The Amazon Growing Business Awards, which celebrates exceptional businesses and outstanding entrepreneurs, has been running since 1999, and most of the businesses have gone from strength to strength. Here, we take a look at a couple of winners in the export category: Alba Power (2014 winner) and Sun Mark (2013 winner).
Being an award-winning exporter takes a lot of hard graft – there’s a lot involved, from language barriers and meeting international standards to protecting IP and the sheer weight of admin involved in running a business across continents.
Alba Power, a gas turbine overhaul supply service, quickly realised that adopting a global model was necessary for the success of the business. Campbell Archibald, sales director and president of Alba, said a global offering can help to “cover some of the downturns that happen occasionally.”
“Whether that’s oil or whether it’s Brexit – there’s always something happening. Whereas if you’re global it tends to soften the blow.”
Sun Mark, a marketing and distribution company formed in partnership with its sister company Sea Air and Land Forwarding, had to meet the challenge of operating internationally head on, as it has always been necessary for the business model.
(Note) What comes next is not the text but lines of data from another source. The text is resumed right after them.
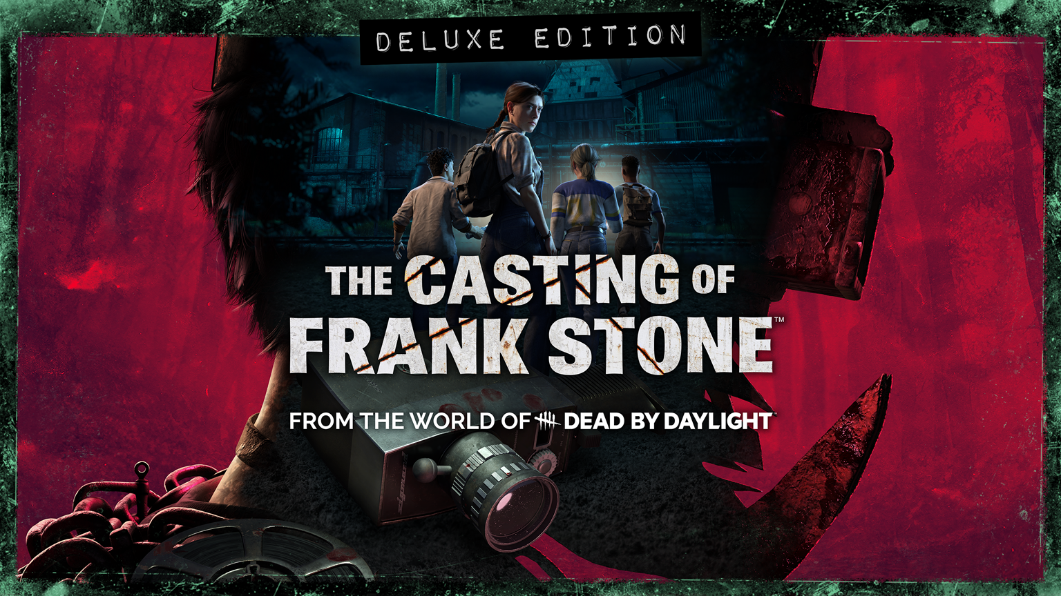 ゲーム本編 +「編集室の床」+ 限定コスチューム8種 +『Dead by Daylight』の追加報酬*(トラッパー用の「フランク・ストーン」マスク、「フランク・ストーン」のバッジ&バナー、「キラーレリック」の魔よけ3種、オリジナルサバイバー用『殺人工場』Tシャツ、『殺人工場』バッジ&バナー、 200万ブラッドポイント)
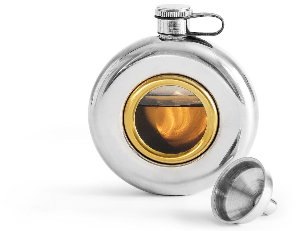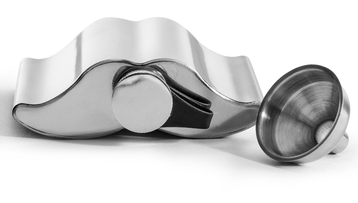Die Stücke aus poliertem Edelstahl wirken optisch ansprechend und kommen in maskulinen Formen. Mit dabei: Der Einfülltrichter.
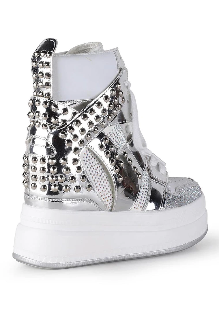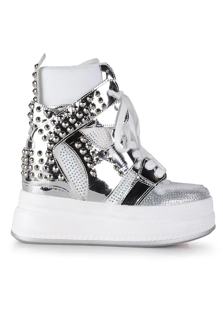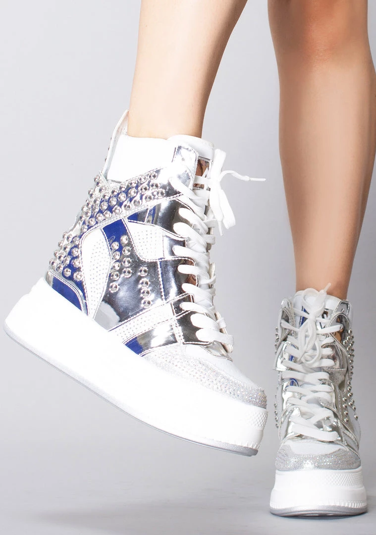 You’ll be unforgettable in the Iconic Platform Sneakers by Anthony Wang. These eye-catching platform sneakers feature a white and silver vegan leather rhinestone-encrusted upper, lace-up front, silver stud details, hidden interior wedge heel, and a platform sole that’s sure to make a statement without you even saying a word.
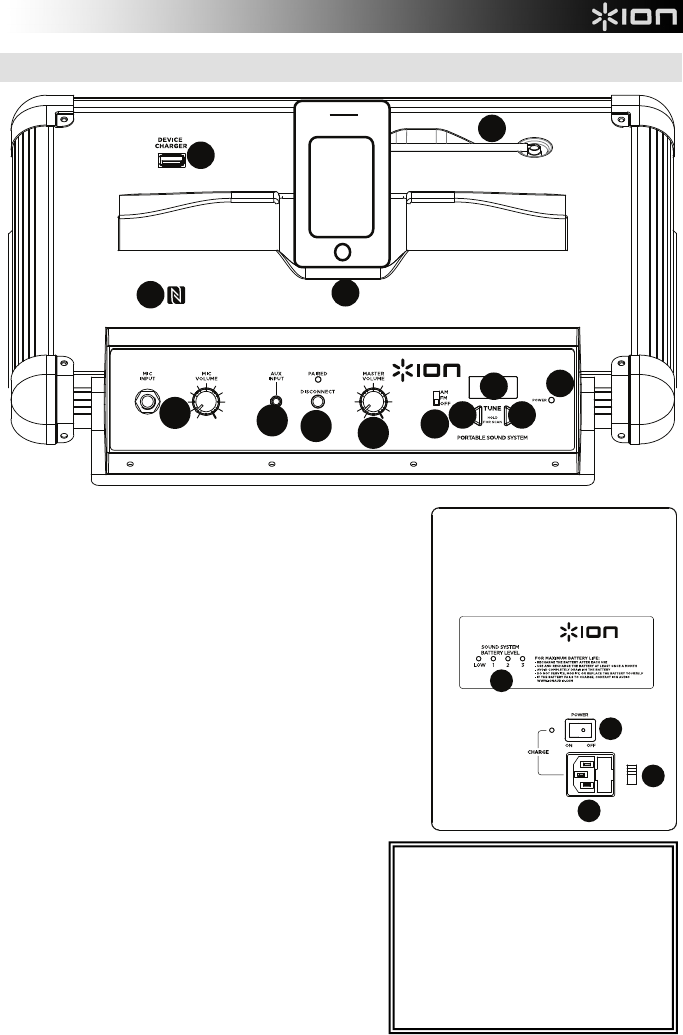 • It is acceptable to leave your sound system plugged in. This will not overcharge the battery.
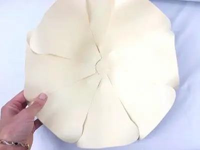 11. Now for your 4th small layer of petals you will cut slits and overlap like the other 3 layers, but with these 8 petals you will give a crease that the bottom as shown above. This is going to help them stand up better.Â
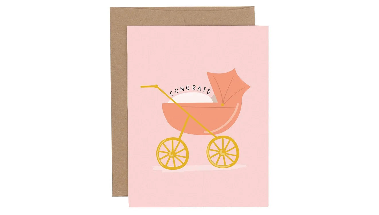 Celebrate the newest arrival with our adorable Baby Carriage Greeting Card. Perfect for baby showers or welcoming the little one, this hand-drawn card is as sweet as can be, making it the ideal way to send your best wishes to the growing family.
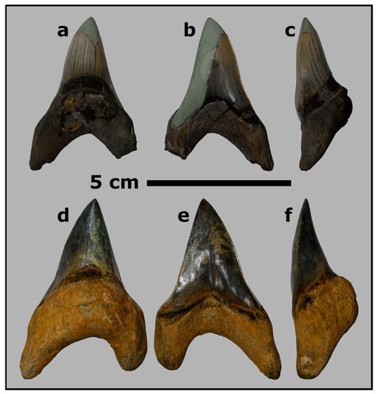 Parotodus benedenii, Tuscan Pliocene teeth kept in the Museo Geopaleontologico Scienze della Terra—Gruppo AVIS Mineralogia e Paleontologia Scandicci. (a–c) GAMPS-00876a, a partial tooth from Upper Pliocene deposits cropping out at an abandoned quarry in the vicinity of Castelfiorentino (Florence Province), in (a) lingual, (b) labial and (c) mesial views (note that the crown was partly reconstructed with grey plasticine). (d–f) GAMPS-00876b, an essentially complete tooth from ?Upper Pliocene deposits cropping out at a cultivated field in the vicinity of Montespertoli (Florence Province), in (d) lingual, (e) labial and (f) mesial views.
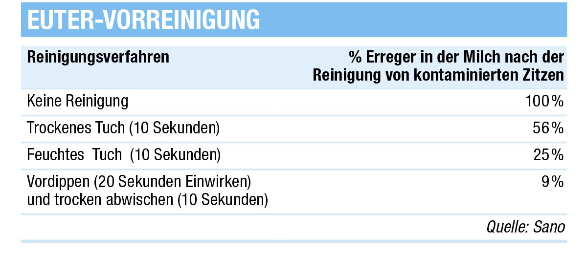 Laut vet-consult.de dürfen in der Herde höchstens 2 bis 10 Prozent der Euter- und Zitzenoberflächen sichtbar verschmutzt sein – bei maximal 90 Prozent der Kühe. Sind die Euter so sauber, brauchen Vormelken und trockene Zitzenreinigung 12 bis 18 Sekunden pro Kuh. Auch im Melkroboter senken saubere Euter die Reinigungszeit. Wenn rund 10 bis 30 Prozent der Zitzenoberflächen sichtbar verschmutzt sind, können Melkroboter an ihre Grenzen stossen. sum
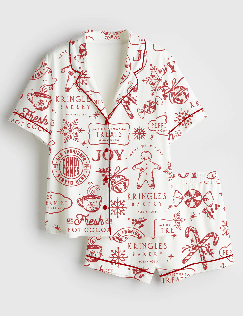 Women’s Merry Little Christmas Treats Cookies Short Sleeve Satin Pajama Set
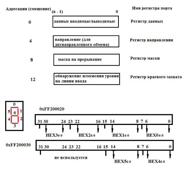 Схема подключения семисегментных индикаторов макета к регистрам данных внутренних портов.
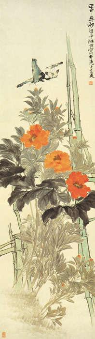 任頤大膽地嘗試各種鮮麗的顏色,在統(tǒng)一的色調(diào)中,使用補色對比,一幅畫中往往用一點極為奪目的紅色、藍色或橙色,這種統(tǒng)一色調(diào)中的補色運用,使畫面明快利落,像閃閃發(fā)光的寶石,取得“畫眼”的效果。如《紅芍藥圖》中描繪的紅芍藥,很是艷麗多姿,蝴蝶翻飛,輕盈靈動。
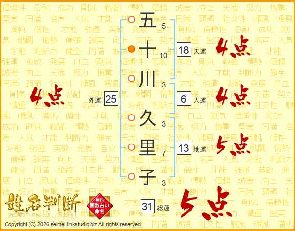 五(5画)十(10画)川(3画) 久(3画)里(7画)子(3画)

Founder Rami Ranger explained: “We offer logistics as well as distribution and marketing of fast moving consumer goods (FMCG).
“We offer a special service to many multinationals by helping them to sell in challenging markets which have more difficult environments than those seen in the G20 region. They focus on their core countries and we contribute to their success in their non-core regions. It’s a win-win relationship.”
Sun Mark operates out of Dubai, Djibouti and Kenya, and from these offices it exports to 130 countries worldwide, with further expansion planned in the future.
For Alba Power, the approach was fairly strategic at first, but gradually began to fall in to place organically.
“Every country is slightly different,” said Archibald. “I think initially we chose English speaking countries because it seemed like the obvious choice.” From then on, each country the business looked to expand into was reviewed on a case-by-case basis, and once there was an element of established globalisation it naturally slotted itself into some smaller countries too.
Alba Power and Sun Mark may make exporting look simple from the outside, but of course the two companies have seen success through hard work and devoted research. Archibald claims that for him, the key is to grow with demand and not outpace yourself, whereas Ranger is looking to aggressively seek new markets in the coming months by exhibiting in trade shows in various countries.
Ranger’s company is also looking to having a firmer presence in its core markets. If you’re hoping to take a leaf out of these expert exporters’ books, be sure to assess first what method would work best with your business model.
Advice from our expert exporters
According to Archibald, new businesses looking to export should not overlook the help that’s out there – try and gain some assistance from embassies or UKTI.
“We probably came a bit late on that,” he admitted. “We just kind of did it ourselves and went out there rather than speaking to UKTI or the embassies, but now we’ve changed that as we’ve learned from that process.”
Archibald also explained that a business should never lose sight of those it aims to serve, and customer service is paramount. “If somebody phones, the phone gets answered,” he said. When your worldwide competition is quite large, small businesses must play to their strengths and offer the best service available.
However, while research is doubtless important, Ranger also insisted it is fundamental to the success of a new company to “stop talking and start doing business”.
“As they say, the longest journey begins with a first single step and we should take that magic step and the rest will become history.”